=== Begin Enclosure ===

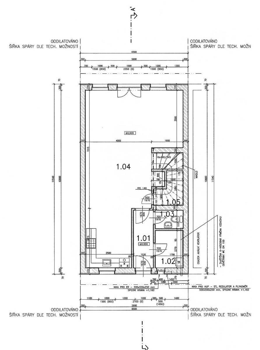 Vytápění zajišťuje plynový kotel, který zároveň ohřívá vodu. Energetická náročnost je ve třídě C, takže provoz domu je rozumně úsporný.
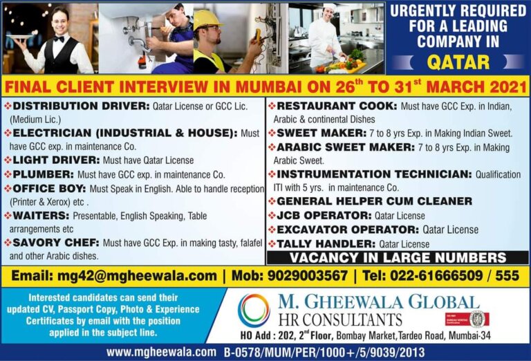 URGENTLY REQUIRED FOR A LEADINGCOMPANY IN QATARFINAL CLIENT INTERVIEW IN MUMBAI ON 26th TO 31st MARCH 2021•DISTRIBUTION DRIVER: Qatar License …
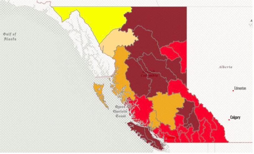 加拿大自然资源部(Natural Resources Canada)将加拿大的火灾天气指数用作“火灾危险的一般指数”,周五,卑诗省南部内陆和南海岸的大部分地区处于高至极端水平。

=== End Enclosure ===

In the copy, include exactly the lines from the one with "URGENTLY REQUIRED FOR" through the final line of the data, both ends included, and no pictures.

 URGENTLY REQUIRED FOR A LEADINGCOMPANY IN QATARFINAL CLIENT INTERVIEW IN MUMBAI ON 26th TO 31st MARCH 2021•DISTRIBUTION DRIVER: Qatar License …
 加拿大自然资源部(Natural Resources Canada)将加拿大的火灾天气指数用作“火灾危险的一般指数”,周五,卑诗省南部内陆和南海岸的大部分地区处于高至极端水平。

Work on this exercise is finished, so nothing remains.